Thanks everybody....The ground snow load where I live is 30 psf. I think the slope of the roof will be about 3:12. I chose the 8' depth of the shed for floor panel material efficiency. The 4' of snow on the roof of the house has happened twice in 5 years, but the shed is easily cleared with a roof rake, as opposed to the house, whose roof we had to shovel.


----------



## GBrackins (Apr 26, 2012)

for 30 psf snow load, 3/12 pitch roof over a 8' span the minimum rafter would be something like a #2 spruce 2x6 at 16" o.c. I'd strongly recommend 2x8 at 16" o.c. however. the difference in price isn't that much for your shed, and you'd have a stronger roof for those high snow events.

just my opinion


----------



## tpagel (Jan 30, 2008)

Sound advice.

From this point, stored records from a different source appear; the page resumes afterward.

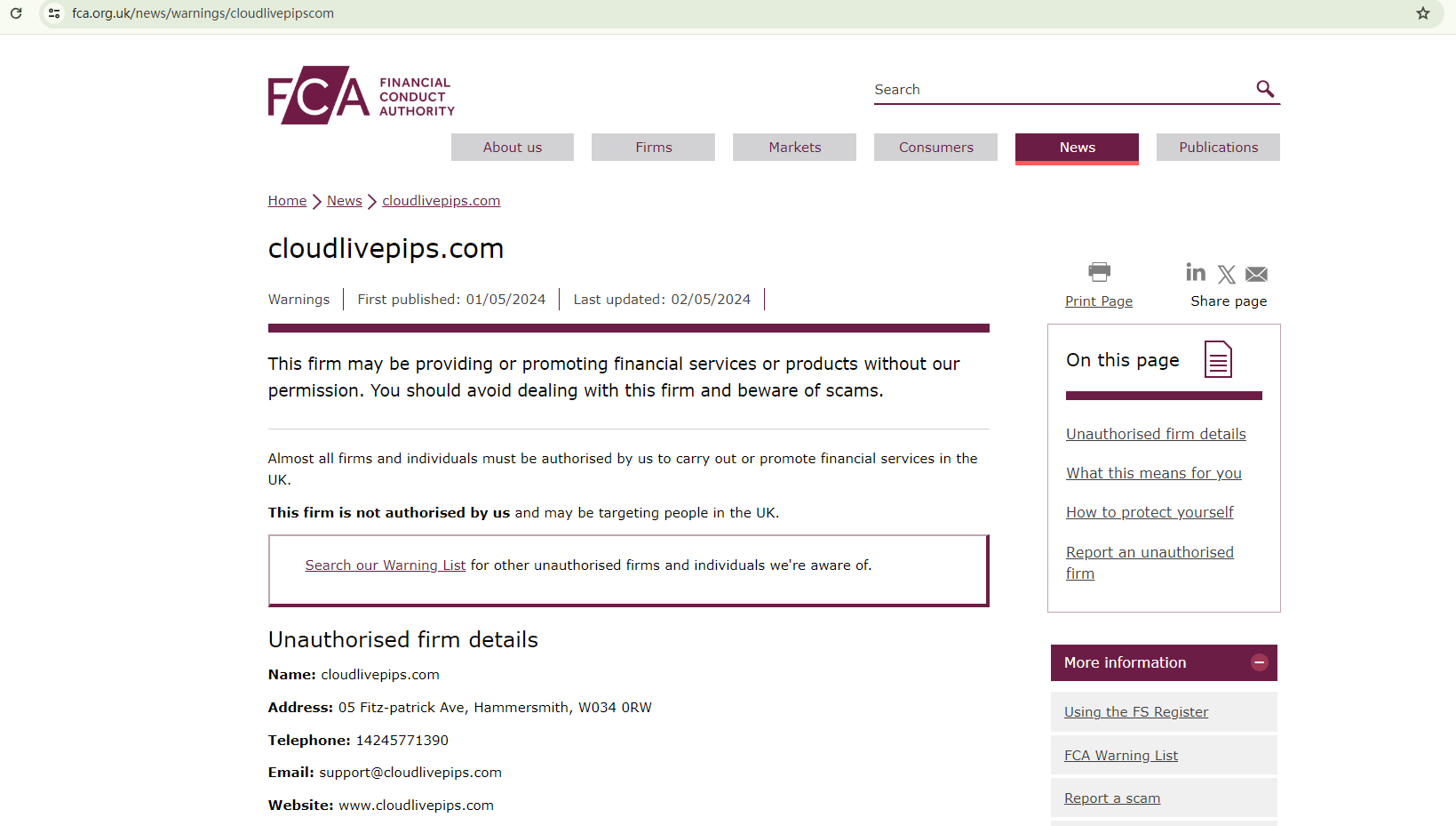While it claims to be domiciled in the UK, the Financial Conduct Authority (FCA) has issued a warning about cloudlivepips.com, flagging it as an unauthorized firm and advising investors to stay away from it.
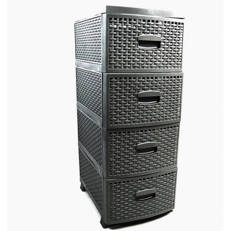 Комод ротанг пластмассовый имеет четыре выдвижных ящика, в которые легко помещаются все необходимые вещи. Комод используется для хранения одежды, постельного белья, детских игрушек, предметов личной гигиены, банных принадлежностей, косметики, полотенец, салфеток и других необходимых мелочей. Напольный комод изготавливают из цветной высококачественной пластмассы, декорируют под плетение ротанг. Пластиковый комод прочный, не боится влаги, устойчив к перепадам температуры, что позволяет устанавливать его в ванной, на кухне, в детской, в кладовой комнате и в любом другом необходимом помещении. Комод ротанг быстро собирается, легко моется, благодаря незначительному весу его можно легко переместить в любую комнату. Удобный, стильный и практичный комод органайзер помогает упорядочить вещи, сохранять порядок в доме. Многофункциональный комод – необходимый предмет для тех, кто любит порядок и предпочитает, чтобы каждая вещь имела свое место. Комод ротанг идеально подойдет к любому дизайну в Вашем доме. Размеры: 90х35х44см, глубина ящика 18см. Производитель: Украина.
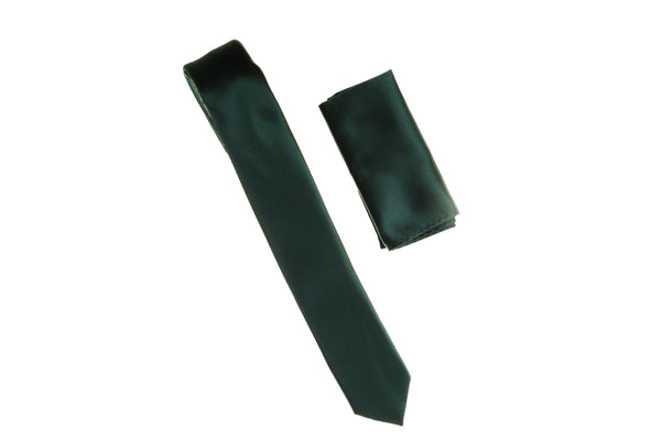 Gem Green Satin Finish Silk Skinny Necktie with Matching Pocket Square 2.5" Width SSKT-244

I'll go with 2x8's at 16" O.C. for the rafters. I appreciate everybody's help!


----------



## jagans (Oct 21, 2012)

tpagel said:


> Thanks everybody....The ground snow load where I live is 30 psf. I think the slope of the roof will be about 3:12. I chose the 8' depth of the shed for floor panel material efficiency. The 4' of snow on the roof of the house has happened twice in 5 years, but the shed is easily cleared with a roof rake, as opposed to the house, whose roof we had to shovel.


If you have the room, I would double it to 16 feet. Stuff Grows


----------



## Gary in WA (Mar 11, 2009)

http://publicecodes.cyberregs.com/icod/irc/2009/icod_irc_2009_8_sec002_par023.htm

Gary


----------



## hand drive (Apr 21, 2012)

tpagel said:


> Sound advice. I'll go with 2x8's at 16" O.C. for the rafters. I appreciate everybody's help!



might want to plan on some overhangs with your rafters that go past the top plates then connect the rafters to the top plates with hurricane clips...


----------